* **PROMPT**: In the entries that follow, the line with "下面就是天坑,遇到一帮上来的" opens the range and the line with "随后,各个象棋之乡代表汇报了" closes it; repeat that range exactly, both lines included.

* **INPUT DATA**:
-------------------------

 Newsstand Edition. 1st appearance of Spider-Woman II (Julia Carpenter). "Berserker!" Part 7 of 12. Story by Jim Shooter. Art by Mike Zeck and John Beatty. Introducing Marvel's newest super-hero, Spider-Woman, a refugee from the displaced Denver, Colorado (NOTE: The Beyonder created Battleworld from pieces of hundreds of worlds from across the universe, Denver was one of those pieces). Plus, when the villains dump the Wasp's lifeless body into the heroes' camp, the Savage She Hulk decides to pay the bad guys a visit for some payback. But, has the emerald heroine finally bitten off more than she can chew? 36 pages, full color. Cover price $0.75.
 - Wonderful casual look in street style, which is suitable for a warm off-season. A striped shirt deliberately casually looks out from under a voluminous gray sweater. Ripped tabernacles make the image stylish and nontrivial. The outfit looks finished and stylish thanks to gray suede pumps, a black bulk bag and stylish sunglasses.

-------------------------

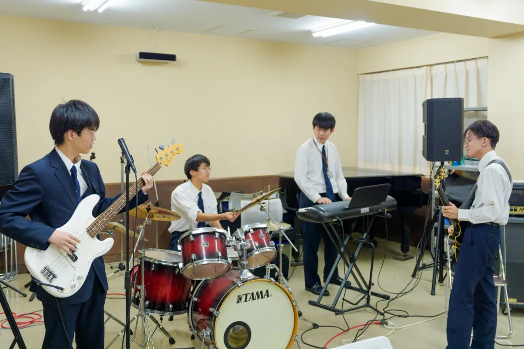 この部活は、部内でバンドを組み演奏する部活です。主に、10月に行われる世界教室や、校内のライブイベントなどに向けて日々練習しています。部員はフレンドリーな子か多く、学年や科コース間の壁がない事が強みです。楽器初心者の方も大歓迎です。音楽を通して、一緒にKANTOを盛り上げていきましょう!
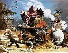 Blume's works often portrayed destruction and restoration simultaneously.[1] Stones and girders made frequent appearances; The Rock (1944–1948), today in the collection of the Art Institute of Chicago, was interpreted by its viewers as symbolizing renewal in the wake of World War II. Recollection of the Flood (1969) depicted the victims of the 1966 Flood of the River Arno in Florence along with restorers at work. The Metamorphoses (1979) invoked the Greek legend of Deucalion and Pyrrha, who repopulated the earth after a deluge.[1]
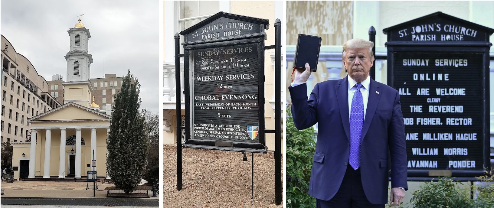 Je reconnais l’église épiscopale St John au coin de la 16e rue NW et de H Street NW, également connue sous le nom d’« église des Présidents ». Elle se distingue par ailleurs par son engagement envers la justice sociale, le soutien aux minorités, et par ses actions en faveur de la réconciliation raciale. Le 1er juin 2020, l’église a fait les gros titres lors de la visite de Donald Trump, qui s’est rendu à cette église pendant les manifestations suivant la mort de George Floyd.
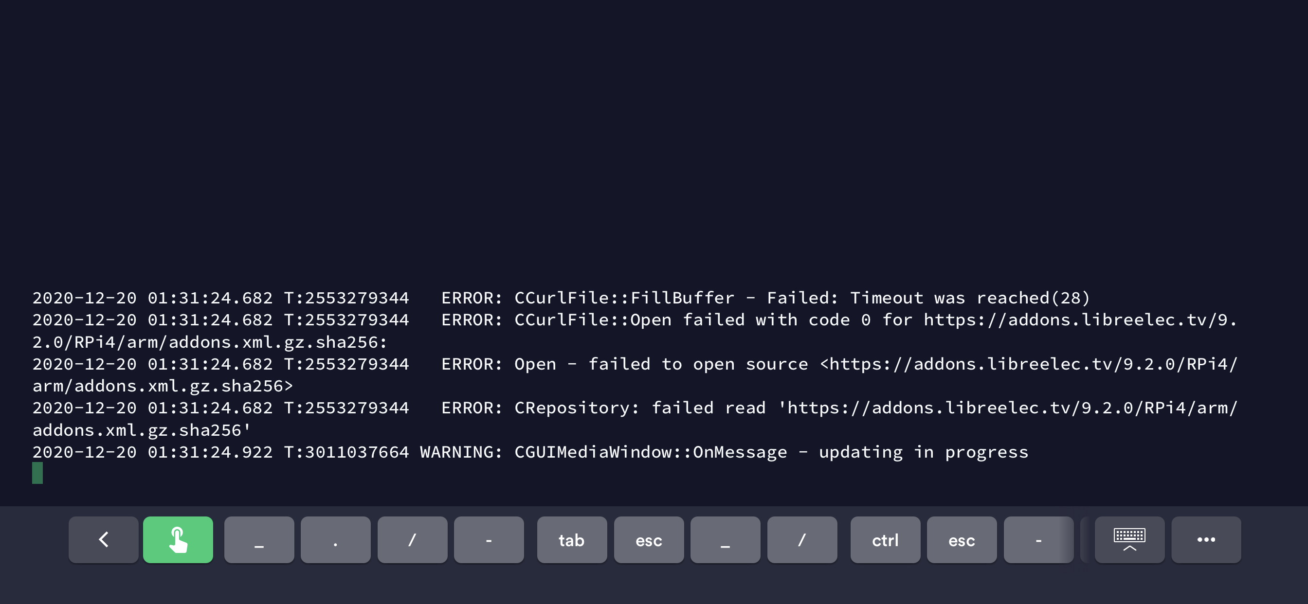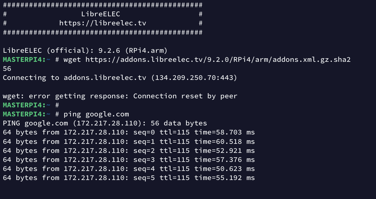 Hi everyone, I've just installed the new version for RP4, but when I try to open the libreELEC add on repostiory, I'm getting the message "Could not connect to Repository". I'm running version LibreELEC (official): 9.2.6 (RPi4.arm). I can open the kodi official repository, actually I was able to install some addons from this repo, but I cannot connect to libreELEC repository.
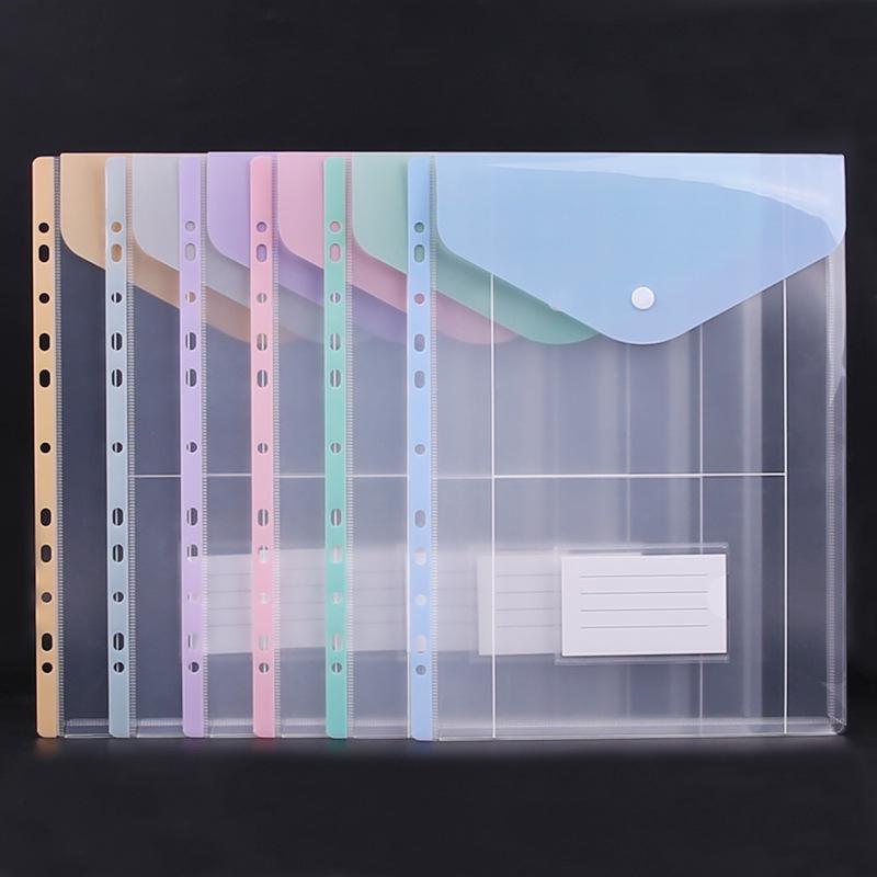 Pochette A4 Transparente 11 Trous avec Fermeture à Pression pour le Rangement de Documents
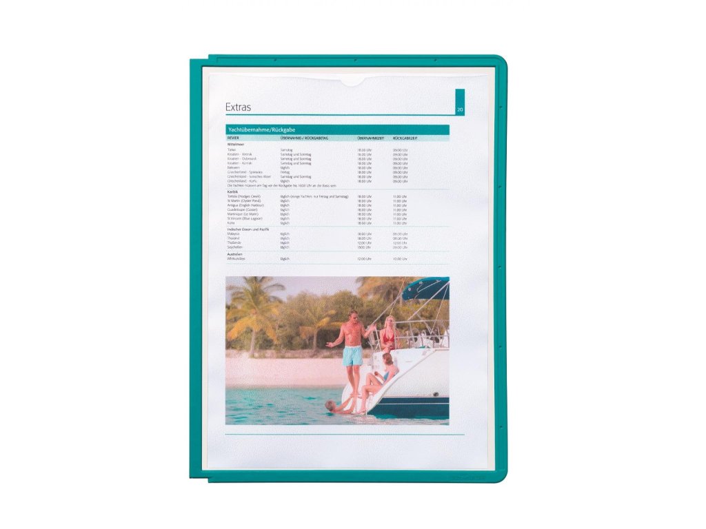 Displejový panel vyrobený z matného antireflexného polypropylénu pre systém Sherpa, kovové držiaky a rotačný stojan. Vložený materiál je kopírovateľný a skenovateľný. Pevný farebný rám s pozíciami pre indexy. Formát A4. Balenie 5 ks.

-------------------------

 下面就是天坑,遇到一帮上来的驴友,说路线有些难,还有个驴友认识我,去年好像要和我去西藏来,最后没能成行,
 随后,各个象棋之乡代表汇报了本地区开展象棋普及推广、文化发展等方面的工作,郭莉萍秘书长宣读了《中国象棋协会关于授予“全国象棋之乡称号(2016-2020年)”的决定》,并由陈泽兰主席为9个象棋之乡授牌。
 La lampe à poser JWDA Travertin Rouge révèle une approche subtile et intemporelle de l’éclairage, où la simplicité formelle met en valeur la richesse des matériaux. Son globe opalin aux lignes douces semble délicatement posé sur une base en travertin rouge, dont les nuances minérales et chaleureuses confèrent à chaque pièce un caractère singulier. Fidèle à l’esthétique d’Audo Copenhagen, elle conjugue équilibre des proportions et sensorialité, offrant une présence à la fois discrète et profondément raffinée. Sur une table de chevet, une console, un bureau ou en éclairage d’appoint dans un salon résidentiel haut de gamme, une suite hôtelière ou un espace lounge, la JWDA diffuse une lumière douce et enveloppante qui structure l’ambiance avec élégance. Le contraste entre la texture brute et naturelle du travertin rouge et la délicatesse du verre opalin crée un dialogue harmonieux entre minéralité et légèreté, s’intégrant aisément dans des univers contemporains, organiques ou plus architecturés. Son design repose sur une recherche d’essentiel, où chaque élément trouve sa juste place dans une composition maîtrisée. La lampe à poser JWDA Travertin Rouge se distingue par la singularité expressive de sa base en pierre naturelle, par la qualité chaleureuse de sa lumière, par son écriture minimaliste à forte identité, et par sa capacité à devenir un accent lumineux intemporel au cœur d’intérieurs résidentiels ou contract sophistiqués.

-------------------------

* **FINISHED TASK**:
 下面就是天坑,遇到一帮上来的驴友,说路线有些难,还有个驴友认识我,去年好像要和我去西藏来,最后没能成行,
 随后,各个象棋之乡代表汇报了本地区开展象棋普及推广、文化发展等方面的工作,郭莉萍秘书长宣读了《中国象棋协会关于授予“全国象棋之乡称号(2016-2020年)”的决定》,并由陈泽兰主席为9个象棋之乡授牌。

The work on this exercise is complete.